_EXERCISE_
Return the records below exactly; pictures stay out.

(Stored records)
========

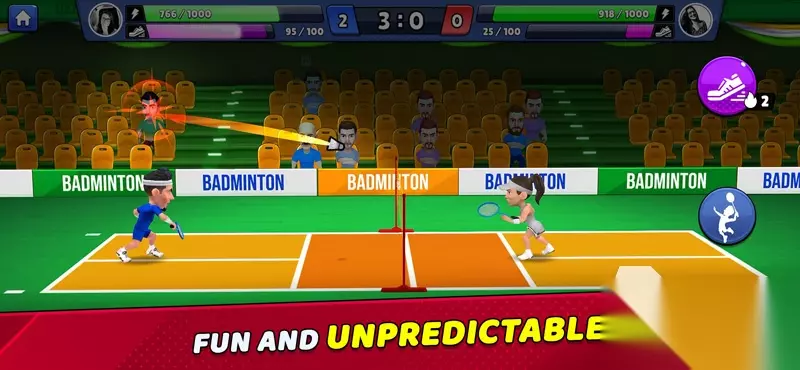 采用卡通风格打造的羽毛球竞技世界,营造出轻松又不失紧张的比赛节奏。每一回合都需要全神贯注应对对方来球,才能保证稳定发挥。击球与回防动作经过精细模拟,配合真实玩家在线对战,提升了整体互动性。通过不断参与比赛切磋技艺,不仅能积累经验,还能赢取丰厚奖励。得分越高,在排行榜上的位置就越靠前。 高速下载 普通下载 3、《决战羽毛球》
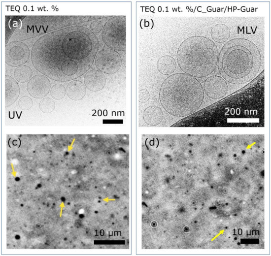 TEQ 0.1 wt. % representative cryogenic transmission electron microscopy (cryo-TEM) (a), (b) and phase contrast microscopy images (c,d), in the absence (a,c) and in the presence of guar polymers (b,d). Unilamellar (UV), multivesicular (MVV) and multilamellar vesicles (MLV) are observed.
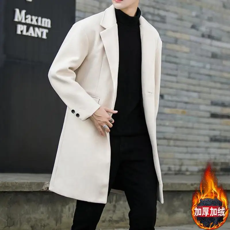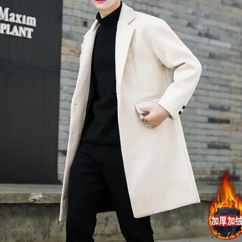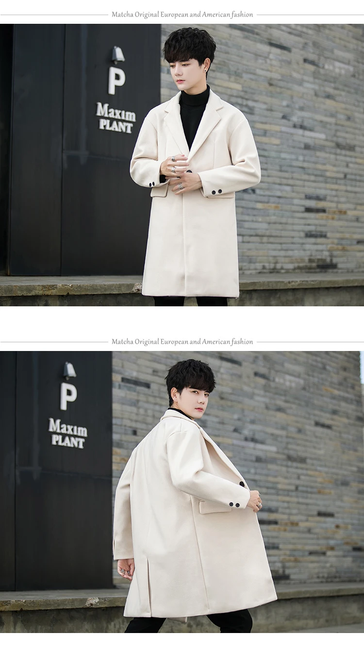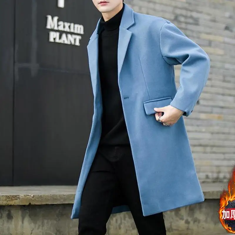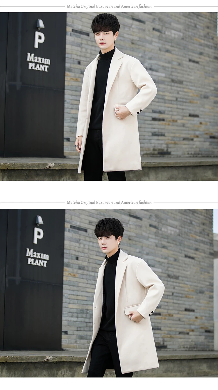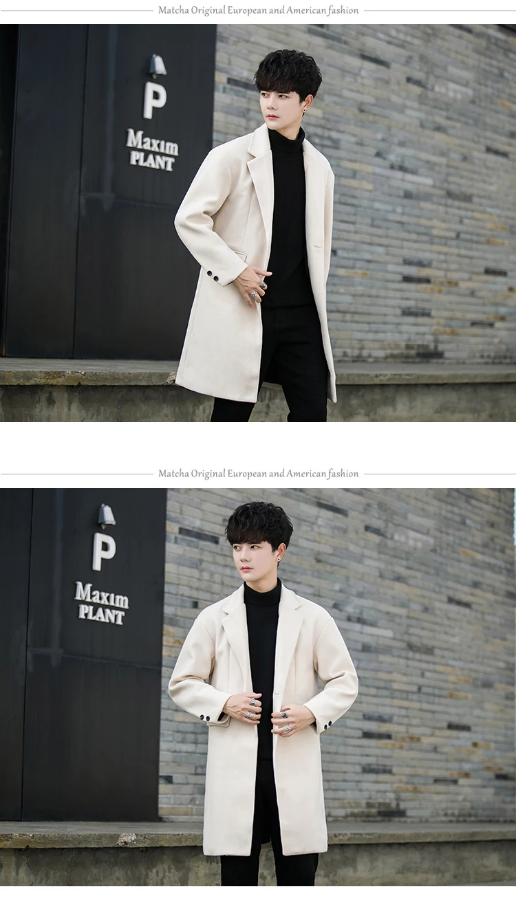 Elegant Blue Long Overcoats For Mens Woolen Long Jackets Korean Fashion 2022 Autumn Beige Off White Gentleman Winter Trench Coat
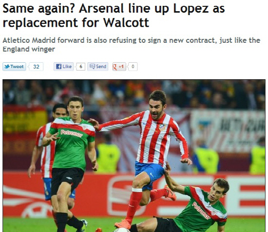 14일(한국시각) 영국 주간지 더피플은 아스널이 시오 월컷의 대체자로 아드리안 로페스(아틀레티코 마드리드)를 노리고 있다고 보도했다. 월컷은 아스널과 재계약을 원하고 있다는 발언과 달리 아직까지 재계약 서명을 하지 않고 있다. 아스널로서는 그의 부재에 대한 고민을 하지 않을 수 없는 상황이다.
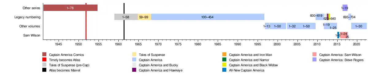 - Captain America Comics #1–75 (Timely Comics; March 1941 – February 1950)
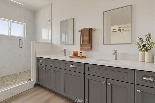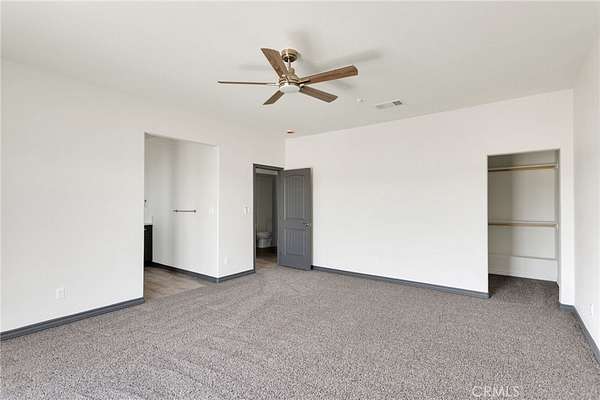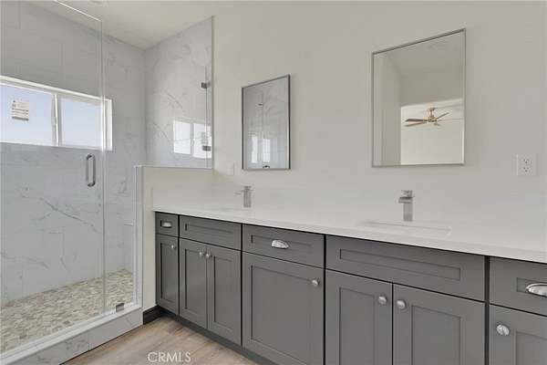 The primary suite includes a spa-inspired bathroom with a custom tile shower and a walk-in closet with built-in shelving and a dedicated shoe rack. Energy-efficient upgrades include dual-pane windows and sliders, a 5-ton HVAC system, solar panels, full Title 24 compliance, and radiant barrier roof insulation.

========

_EXPECTED ANSWER_
 采用卡通风格打造的羽毛球竞技世界,营造出轻松又不失紧张的比赛节奏。每一回合都需要全神贯注应对对方来球,才能保证稳定发挥。击球与回防动作经过精细模拟,配合真实玩家在线对战,提升了整体互动性。通过不断参与比赛切磋技艺,不仅能积累经验,还能赢取丰厚奖励。得分越高,在排行榜上的位置就越靠前。 高速下载 普通下载 3、《决战羽毛球》
 TEQ 0.1 wt. % representative cryogenic transmission electron microscopy (cryo-TEM) (a), (b) and phase contrast microscopy images (c,d), in the absence (a,c) and in the presence of guar polymers (b,d). Unilamellar (UV), multivesicular (MVV) and multilamellar vesicles (MLV) are observed.
 Elegant Blue Long Overcoats For Mens Woolen Long Jackets Korean Fashion 2022 Autumn Beige Off White Gentleman Winter Trench Coat
 14일(한국시각) 영국 주간지 더피플은 아스널이 시오 월컷의 대체자로 아드리안 로페스(아틀레티코 마드리드)를 노리고 있다고 보도했다. 월컷은 아스널과 재계약을 원하고 있다는 발언과 달리 아직까지 재계약 서명을 하지 않고 있다. 아스널로서는 그의 부재에 대한 고민을 하지 않을 수 없는 상황이다.
 - Captain America Comics #1–75 (Timely Comics; March 1941 – February 1950)
 The primary suite includes a spa-inspired bathroom with a custom tile shower and a walk-in closet with built-in shelving and a dedicated shoe rack. Energy-efficient upgrades include dual-pane windows and sliders, a 5-ton HVAC system, solar panels, full Title 24 compliance, and radiant barrier roof insulation.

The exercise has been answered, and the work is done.